What might you be asked to forsake for the purpose of playing the role God is asking you to play?

Sunday, August 16, 2020

8/17/2020 - I Call You My Friends

 





So much of life hinges on a single choice. And on the single choice after that. 

Are there people who choose a destination other than what God has predestined for them? Absolutely. Are there people in the grave with books they were supposed to write, people they were supposed to save, companies they were supposed to launch? Yes, yes, yes—without a shadow of a doubt. This is the power of choice. Now you may say, “How can a loving God let us choose less for ourselves?” And I would say, “How can he love you and not let you choose?” 

This is the problem with us playing God: We simply do not have what it takes. We contradict ourselves. We act selfishly. We say we want freedom and independence, even as we long to be somewhat controlled. “God, let me choose you!” we cry out to our Father. “Don’t make me go against my desires! I want to have sex because I feel like it. I want to do what makes me feel good!” 

Moments later, we cry out, “God, won’t you please keep me from harming myself? I can’t take this pain anymore!” 

May I state the obvious here? We simply can’t have it both ways. 

Before time began, God solved this dilemma by giving humankind free will. He wants to purify and redeem us, but he wants us to choose that noble course. I’ve heard it said that “Love is not love without choice. Once love is mandatory, it is no longer love. It is slavery, and God doesn’t want slaves.” 

What does God want, according to John 15:15? “I no longer call you slaves, because a master doesn’t confide in his slaves. Now you are my friends, since I have told you everything the Father told me.” What God wants is friends

What this means for you and me both is this: The ball is always in our court. God gave us the power to give him the power over our lives. The choice is always ours. 

How do you respond to the idea that God wants you as a friend? What does this say about God’s character?

Saturday, August 15, 2020

8/16/2020 - Give, Give, Give

 





What I’ve noticed, time and again, is that the people who have committed themselves to letting God write their story, to pursuing God’s purpose for their lives, to modeling themselves after the great sacrifice that God prompted in his Son, are the same ones who are eager to sacrifice deeply.

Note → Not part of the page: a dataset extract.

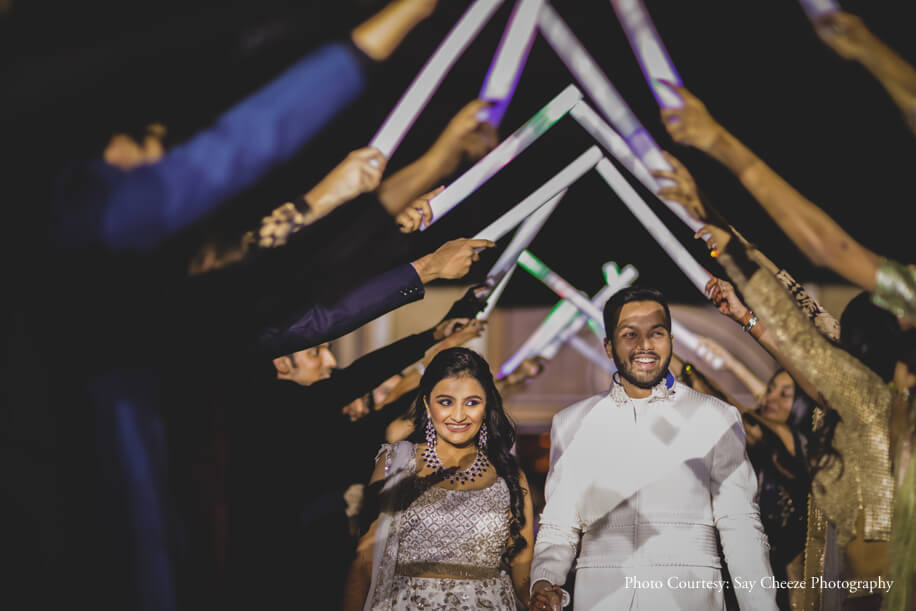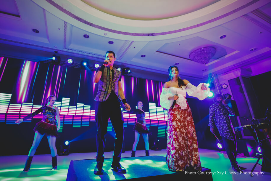 Fairy lights illuminated the entrance and made for a picturesque spot at the venue. LED lights and sparse floral arrangements formed the basis of the décor within the ballroom at Taj Lands End. The Mirror Bar featured quality service by Flaming Trio bartenders and became a hub that evening as an energetic performance by the Vyas Brothers kept the guests on their feet.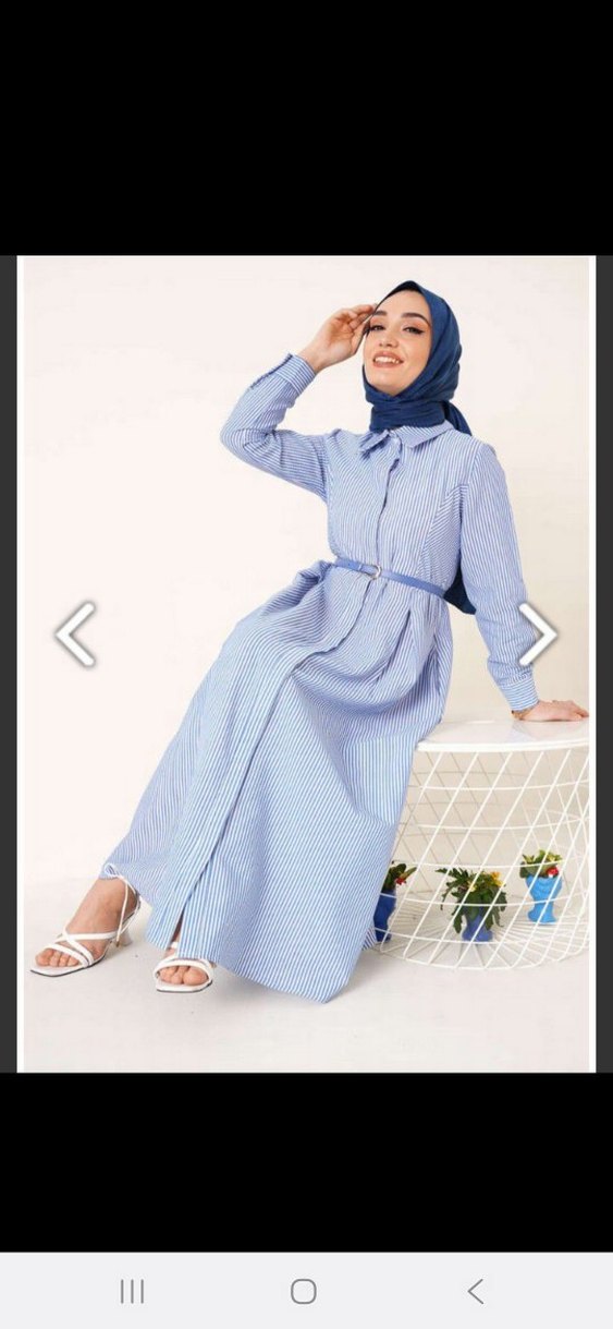 Mavi Uzun Kollu Kemerli Kadın Elbise

It’s worth noting that the most successful people I know—and by the grace of God I’ve been able to sit with world leaders, key influencers, and billionaires along the way—all have the same thing to report. Without exception, what they tell me is this: “Sam, the fulfillment I’ve known from things I’ve acquired can’t begin to compete with the fulfillment I’ve found by helping someone else.” 

That sentiment sounds familiar, doesn’t it? In Acts 20:35, Luke quotes Jesus as saying, “It is more blessed to give than to receive.” 

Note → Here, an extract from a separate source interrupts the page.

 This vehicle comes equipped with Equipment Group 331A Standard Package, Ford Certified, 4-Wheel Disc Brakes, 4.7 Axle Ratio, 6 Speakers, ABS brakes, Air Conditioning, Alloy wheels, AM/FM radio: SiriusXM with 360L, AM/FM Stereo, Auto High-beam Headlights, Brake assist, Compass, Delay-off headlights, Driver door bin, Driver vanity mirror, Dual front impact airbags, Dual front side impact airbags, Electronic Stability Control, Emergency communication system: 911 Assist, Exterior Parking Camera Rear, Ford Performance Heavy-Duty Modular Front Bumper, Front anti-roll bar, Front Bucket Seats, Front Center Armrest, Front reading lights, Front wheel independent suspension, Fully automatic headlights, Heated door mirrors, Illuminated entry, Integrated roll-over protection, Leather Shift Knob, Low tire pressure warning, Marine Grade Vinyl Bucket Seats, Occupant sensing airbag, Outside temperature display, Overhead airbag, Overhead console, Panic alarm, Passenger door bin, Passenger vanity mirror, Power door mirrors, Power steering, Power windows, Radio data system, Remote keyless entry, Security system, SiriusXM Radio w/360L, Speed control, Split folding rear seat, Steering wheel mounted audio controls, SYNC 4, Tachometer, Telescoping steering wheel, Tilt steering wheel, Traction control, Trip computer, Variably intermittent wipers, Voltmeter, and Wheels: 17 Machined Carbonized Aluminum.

A statement from John comes to mind: “For God so loved the world that he gave his only Son. . .” (See John 3:16.)

And another one, from Andy Stanley: “Don’t make the mistake of believing that every resource that comes to you is for your consumption, alone.”

Give! Give! Give! 

Keep in mind at all times that what God has entrusted to you might be for someone else. 

Trust God in this: Follow his Son’s example in laying everything on the line for him. You will be blessed when you give. You will glorify God when you give. You will save lives when you choose to give. Giving is always a part of letting God write your story.

What is hardest for you to give at this point in your life—time, money, energy? What is one way you could give that hard thing this week?